Nie wsiadłem. On nie chciał, żebym wsiadł z bagażem do środka. Pojechał. Nie wsiadłem bo myślałem, że chce mi wszystko ukraść. Jaka była prawda? Tego nikt nie wie. Przez późniejszy prawie miesiąc podróży nie miałem, ani jednej sytuacji w której, ktoś chciał mi coś ukraść. Czułem się swobodnie i bezpiecznie, śpiąc w namiocie, który stawiałem niekiedy w miejskich parkach, np. w Irkucku.
5. W rosyjskich miastach chodzą niedźwiedzie – mit i prawda
Z tymi niedźwiedziami jest tak, że one są. Rosja to przepotężny kraj z doskonałym środowiskiem do rozwoju niedźwiedzia brunatnego. Prawda jednak jest taka, że większość Rosjan w swoim życiu nigdy nie widziała niedźwiedzia. Dasz wiarę? Jadąc autostopem pytałem każdego kierowcę.
Niedźwiedzie tam są, jednak bardzo boją się ludzi. Rosjanie mogą normalnie na nie polować. Bardzo rzadko przychodzą do wiosek w poszukiwaniu jedzenia. Do miast na obrzeżach rownież mogą zawitać, jednak są to sytuacje wyjątkowe. Spotkanie misia jest naprawdę trudne. Rozmawiając z człowiekiem, który lubi polować stwierdził: “Jeśli chcesz zobaczyć niedźwiedzia to musisz pójść minimum 40 km w tajgę. Niedźwiedzie nie podchodzą do drogi, boją się aut”.
6. Rosja to kraj zacofany – mit i prawda
W Rosji funkcjonuje masa wysokiej klasy uczelni wyższych, nie tylko w miastach bliżej Europy, ale rownież na dalekim wschodzi, m.in. w Krasnojarsku, Irkucku, etc. Szkopuł jednak jest w tym, że te uczelnie niekiedy kosztują bardzo dużo (czesne). Młodzi ludzie mają rownież świetny dostęp do informacji w postaci internetu, który jest ogólnodostępny.
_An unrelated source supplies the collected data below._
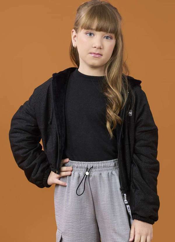 Ok e Pakita - Jaqueta Menina Preto Inverno Pakita Preto
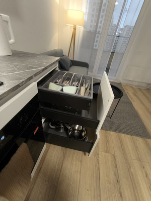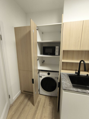 Вся мебель и техника новые: холодильник, плита, микроволновка, чайник, стиральная машина — всё для комфортного проживания.
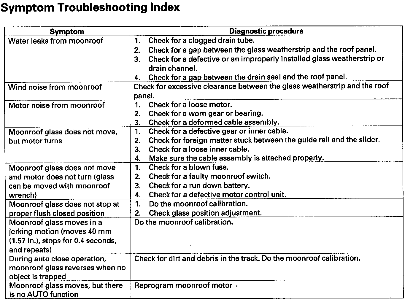 Symptom Troubleshooting Index:
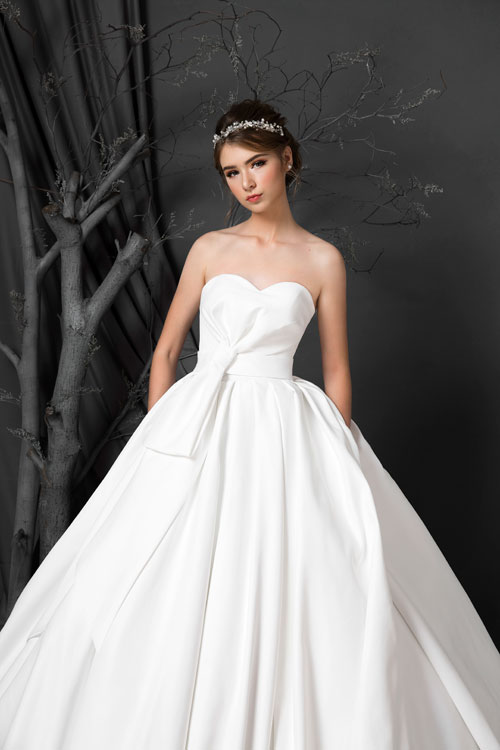 Bên cạnh đó, cô dâu có thể chọn chiếc váy satin có điểm nhấn bằng chiếc nơ thắt nhẹ ở phần trước ngực, kéo dài xuống eo cùng với thiết kế cúp ngực. Mẫu váy này giúp cho cô dâu giữ được nét dịu dàng mà vẫn quyến rũ.
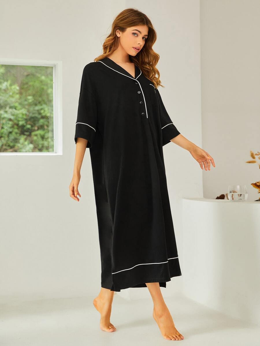 فستان نوم بأزرار نصفية وخطوط ملونة، فستان نوم مريح، خريف وشتاء
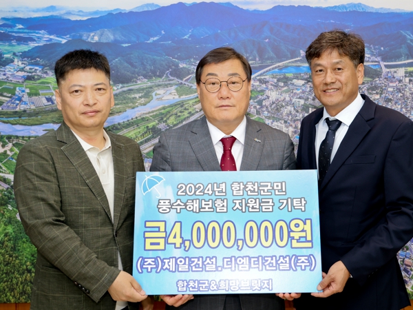 ㈜제일건설, 디엠디건설(주)은 “풍수해보험 지원금 기탁을 통해, 풍수해로 인한 주택피해 시 합천군민에 큰 도움이 되길 바란다”고 말했다.
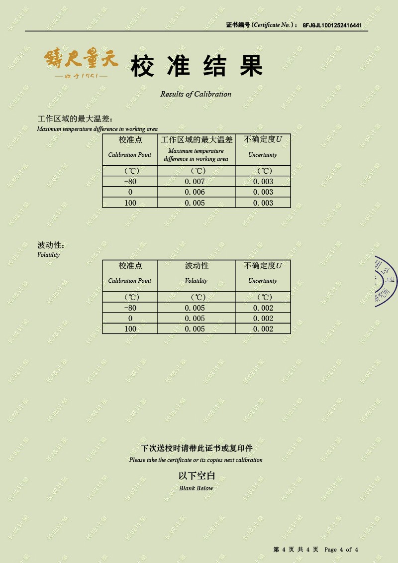 高精度制冷恒溫槽(-80~100℃)校準證書
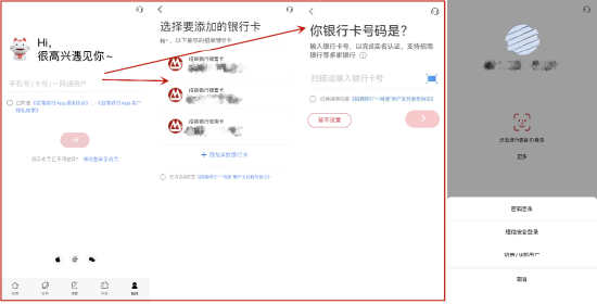 招商银行App新用户输入手机号、验证码,设置登录密码即可完成注册。注册成功后,用户可以添加本行/他行卡,且相关旅程比较便捷。
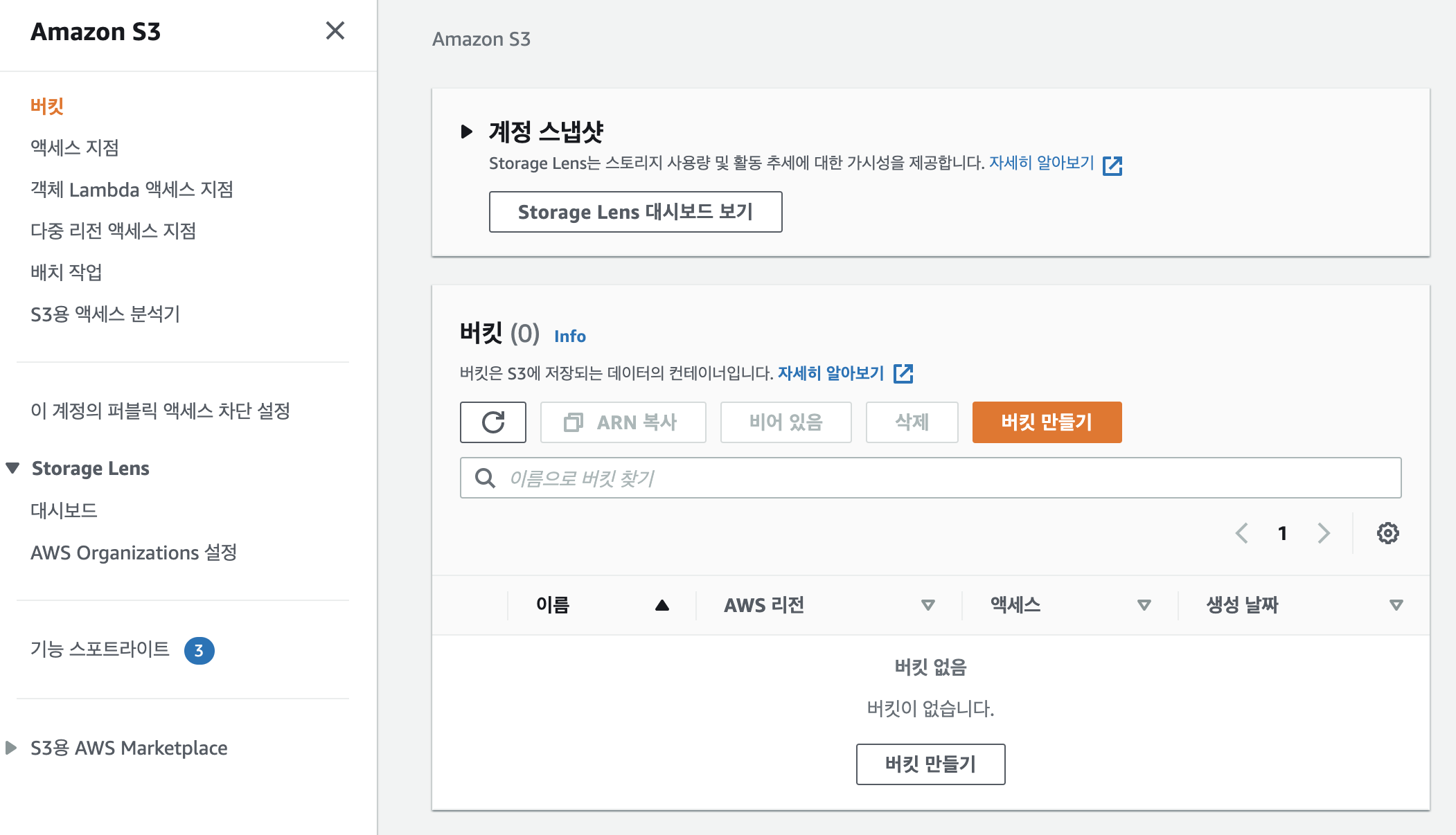 S3 > 버킷 메뉴로 이동합니다. 그리고 버킷만들기를 클릭합니다.

Fakt, faktem – Rosja jest wielkim krajem, co sprawia, że rozwarstwienie edukacyjne jest widoczne mocniej. Duża ilośc wiosek i małych miasteczek sprawia wrażenie, że ludzie tam żyjący są prości i niewyedukowani, niemniej jednak na swojej drodze spotykałem masę młodych, wykształconych i inteligentnych Rosjan.
7. W Rosji jest wszechobecna bieda – mit
Szczerze to nie zauważyłem? Nawet jak wita się do małych wiosek to ludzie sobie spokojnie żyją. Może nie wygląda to jak u nas, jednak tragedii również nie ma. Podczas rozmowy z kierowcami i napotkanymi na drodze ludźmi można usłyszeć narzekanie. Czy ludzie w Polsce nie narzekają? No właśnie. Z moich obserwacji, nie dostrzegłem wszechobecnej biedy.
Wbrew wszystkiemu na wsi jak utrzymywali Rosjanie ludzie mają lepiej. Własny ogródek i zwierzęta pozwalają na dogodne funkcjonowanie. W mieście już jest to trudniejsze, bo trzeba zapłacić za mieszkanie i rachunki.
8. Łapówka w Rosji załatwi wszystko – mit i prawda
W rzeczywistości kiedyś tak było. Dziś świat się zmienia i w milicji zaszły również zmiany. Aktualna rosyjska policja to zupełnie inna generacja. Rozmawiając z tirowcami powiedzieli tak: “Jak jest stary policjant to tradycja działa (tradycja = łapówka), jak jest młody to już gorzej. Trzeba uważać. To już nie te same czasy”.
Świat się zmienia, ludzie się zmieniają. To co było kiedyś, już nie wróci.
9. Rosjanie jeżdżą samochodami jak szaleńcy – mit
Ileż to ja się nasłuchałem o samochodach, które jeżdżą rowami i wyprzedzają na wariata. Myślałem, że jak będę w Rosji jechać autostopem to zginę. Prawda jednak jest taka, że w Rosji kierowcy boją się mandatów i nie jeżdżą jak wariaci.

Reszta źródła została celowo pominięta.